Split data frame into overlapping data frames

I am trying to write a function that behaves as follows, but it is very complicated:

DF <- data.frame(x = seq(1,10), y = rep(c('a','b','c','d','e'),2)) > DF xy 1 1 a 2 2 b 3 3 c 4 4 d 5 5 e 6 6 a 7 7 b 8 8 c 9 9 d 10 10 e >OverLapSplit(DF,nsplits=2,overlap=2) [[1]] xy 1 1 a 2 2 b 3 3 c 4 4 d 5 5 e 6 6 a [[2]] xy 1 5 a 2 6 b 3 7 c 4 8 d 5 9 e 6 10 a >OverLapSplit(DF,nsplits=1) [[1]] xy 1 1 a 2 2 b 3 3 c 4 4 d 5 5 e 6 6 a 7 7 b 8 8 c 9 9 d 10 10 e >OverLapSplit(DF,nsplits=2,overlap=4) [[1]] xy 1 1 a 2 2 b 3 3 c 4 4 d 5 5 e 6 6 a 7 7 b [[2]] xy 1 4 e 2 5 a 3 6 b 4 7 c 5 8 d 6 9 e 7 10 a >OverLapSplit(DF,nsplits=5,overlap=1) [[1]] xy 1 1 a 2 2 b 3 3 c [[2]] xy 1 3 c 2 4 d 3 5 e [[3]] xy 1 5 e 2 6 a 3 7 b [[4]] xy 1 7 b 2 8 c 3 9 d [[5]] xy 1 8 d 2 9 e 3 10 f 

I did not think much about what would happen if you try something like OverLapSplit(DF,nsplits=2,overlap=1)

The following are possible:

 [[1]] xy 1 1 a 2 2 b 3 3 c 4 4 d 5 5 e [[2]] xy 1 5 a 2 6 b 3 7 c 4 8 d 5 9 e 6 10 a 

Thanks!

+6
source share
3 answers

Try something like:

 OverlapSplit <- function(x,nsplit=1,overlap=2){ nrows <- NROW(x) nperdf <- ceiling( (nrows + overlap*nsplit) / (nsplit+1) ) start <- seq(1, nsplit*(nperdf-overlap)+1, by= nperdf-overlap ) if( start[nsplit+1] + nperdf != nrows ) warning("Returning an incomplete dataframe.") lapply(start, function(i) x[c(i:(i+nperdf-1)),]) } 

with nsplit the number of breaks! (nsplit = 1 returns 2 data frames).
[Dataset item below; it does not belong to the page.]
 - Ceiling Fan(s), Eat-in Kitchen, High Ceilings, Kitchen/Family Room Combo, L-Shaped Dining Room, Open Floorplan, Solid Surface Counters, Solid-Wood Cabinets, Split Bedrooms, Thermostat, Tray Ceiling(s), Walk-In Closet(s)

This will make the last data frame incomplete if the overlapping partitions really do not fit in the data frame and gives a warning.
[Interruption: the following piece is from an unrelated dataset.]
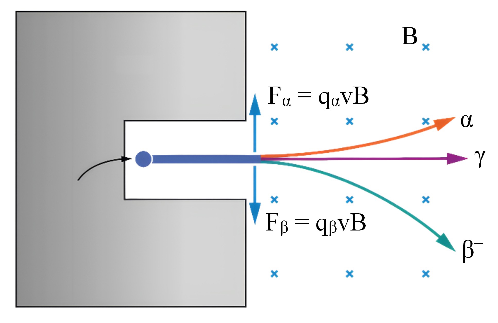 Hình vẽ. Thí nghiệm tác dụng của từ trường lên các hạt α, β và γ.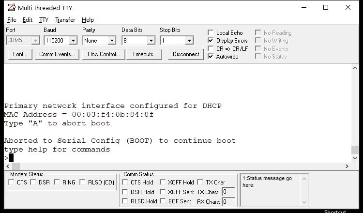 You are now in the serial configuration mode as indicated by the '>' character. Typing "help" will display the help menu.

 > OverlapSplit(DF,nsplit=3,overlap=2) [[1]] xy 1 1 a 2 2 b 3 3 c 4 4 d [[2]] xy 3 3 c 4 4 d 5 5 e 6 6 a [[3]] xy 5 5 e 6 6 a 7 7 b 8 8 c [[4]] xy 7 7 b 8 8 c 9 9 d 10 10 e 

And one with a warning

 > OverlapSplit(DF,nsplit=1,overlap=1) [[1]] xy 1 1 a 2 2 b 3 3 c 4 4 d 5 5 e 6 6 a [[2]] xy 6 6 a 7 7 b 8 8 c 9 9 d 10 10 e NA NA <NA> Warning message: In OverlapSplit(DF, nsplit = 1, overlap = 1) : Returning an incomplete dataframe. 
+6
source

This uses the idea of ​​pebbles from Lattice graphics and therefore uses the code from the lattice package to generate the intervals, and then uses the loop to split the original DF into the correct subsets.

I was not exactly sure what is meant by overlap = 1 - I assume that you meant overlapping by 1 pattern / observation. If so, then the code below does this.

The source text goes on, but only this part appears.